PROBLEM DESCRIPTION | Could you transcribe exactly the lines below, from the line with "Противопожарная безрамная дверь" through the line with "Days after signing", and nothing else, leaving out the pictures?

PROVIDED RECORDS |
»»

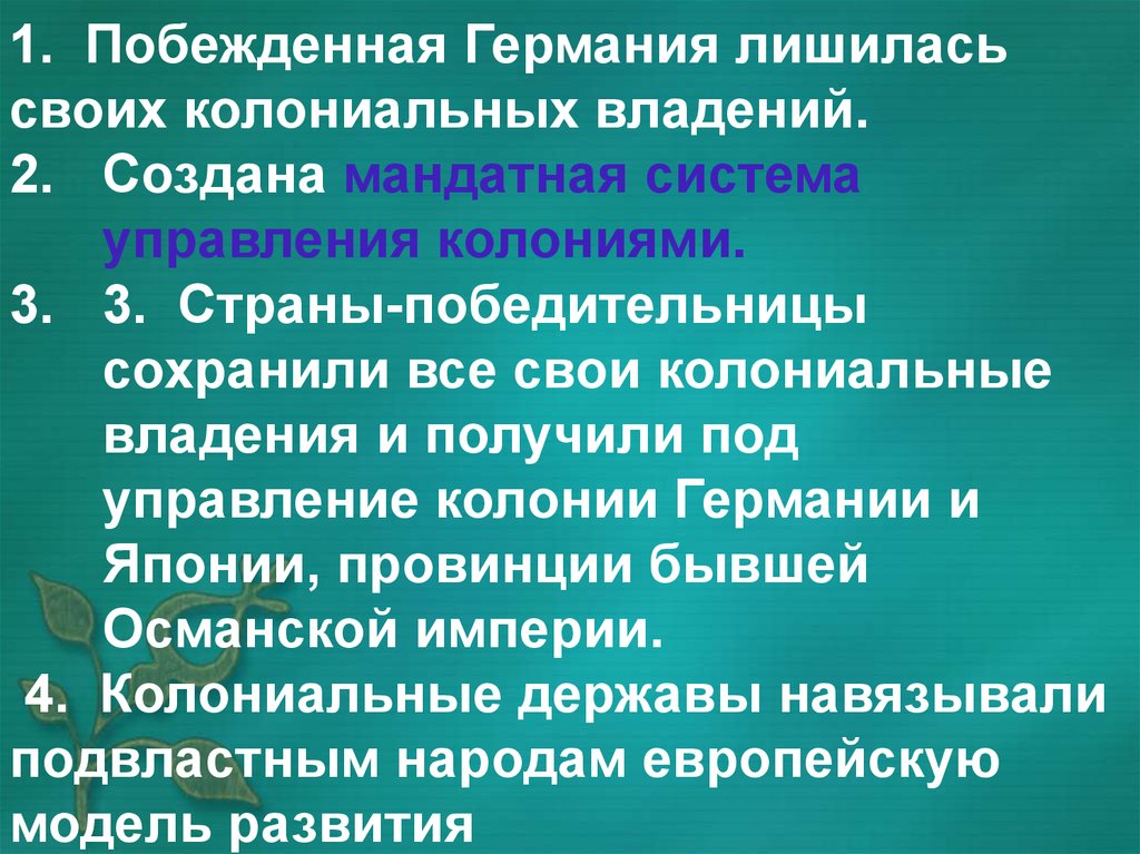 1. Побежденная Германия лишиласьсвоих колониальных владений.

««
»»

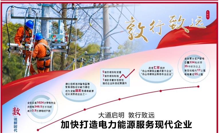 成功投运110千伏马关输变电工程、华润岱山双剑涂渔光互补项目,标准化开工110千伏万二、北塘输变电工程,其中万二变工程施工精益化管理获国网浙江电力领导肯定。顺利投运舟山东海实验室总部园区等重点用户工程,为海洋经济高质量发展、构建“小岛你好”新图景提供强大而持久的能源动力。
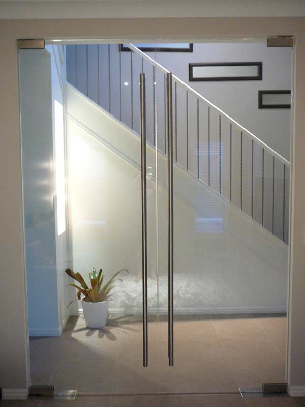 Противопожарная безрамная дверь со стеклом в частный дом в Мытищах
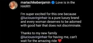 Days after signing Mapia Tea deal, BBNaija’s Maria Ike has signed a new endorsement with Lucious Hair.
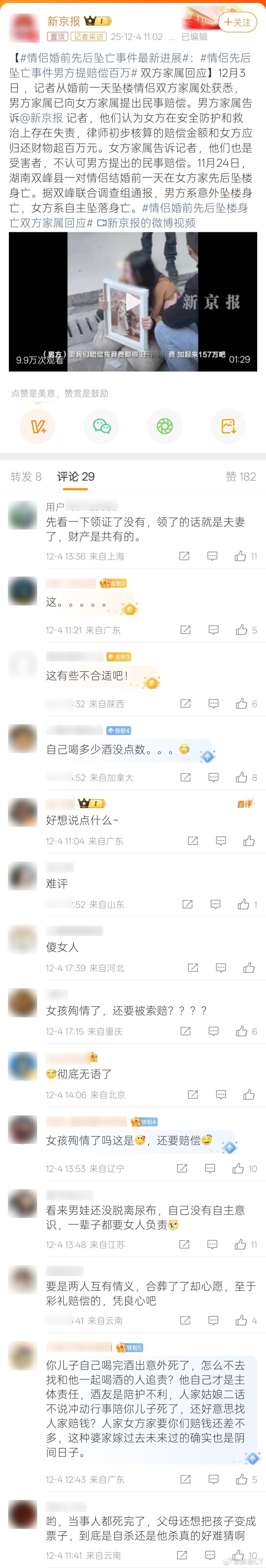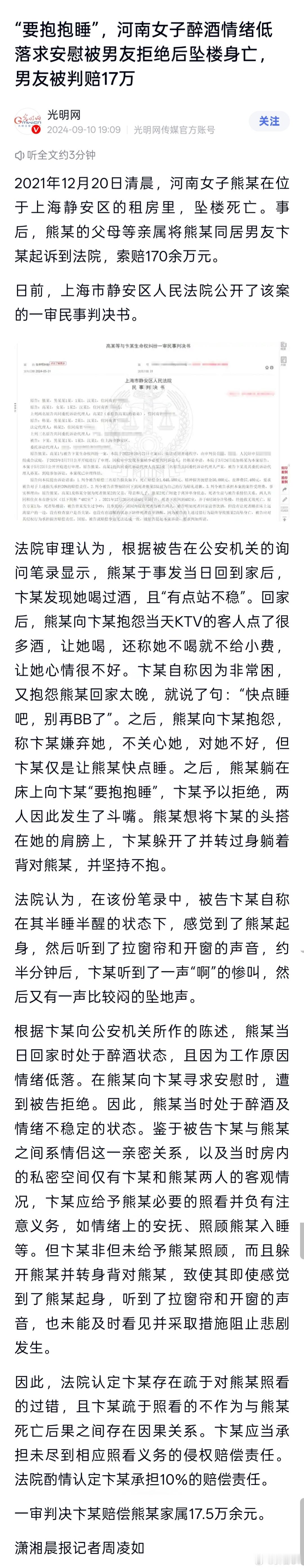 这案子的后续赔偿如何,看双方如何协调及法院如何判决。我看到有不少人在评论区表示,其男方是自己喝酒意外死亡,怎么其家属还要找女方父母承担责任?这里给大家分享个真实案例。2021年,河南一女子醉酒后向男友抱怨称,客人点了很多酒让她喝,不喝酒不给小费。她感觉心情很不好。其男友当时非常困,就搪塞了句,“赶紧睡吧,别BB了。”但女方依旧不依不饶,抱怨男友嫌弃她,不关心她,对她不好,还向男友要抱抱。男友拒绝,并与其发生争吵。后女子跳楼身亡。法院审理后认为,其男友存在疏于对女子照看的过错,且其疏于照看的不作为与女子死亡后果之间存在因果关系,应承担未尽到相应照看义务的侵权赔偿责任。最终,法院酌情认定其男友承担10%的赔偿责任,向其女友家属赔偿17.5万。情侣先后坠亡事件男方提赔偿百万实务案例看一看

««
»»

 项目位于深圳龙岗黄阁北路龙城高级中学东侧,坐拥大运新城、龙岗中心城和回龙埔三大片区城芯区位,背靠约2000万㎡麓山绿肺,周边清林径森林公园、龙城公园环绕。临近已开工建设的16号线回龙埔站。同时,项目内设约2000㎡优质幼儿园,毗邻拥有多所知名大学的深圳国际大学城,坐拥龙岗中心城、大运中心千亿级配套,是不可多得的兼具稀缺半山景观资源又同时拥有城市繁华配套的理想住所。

««

EXERCISE RESPONSE |
 Противопожарная безрамная дверь со стеклом в частный дом в Мытищах
 Days after signing Mapia Tea deal, BBNaija’s Maria Ike has signed a new endorsement with Lucious Hair.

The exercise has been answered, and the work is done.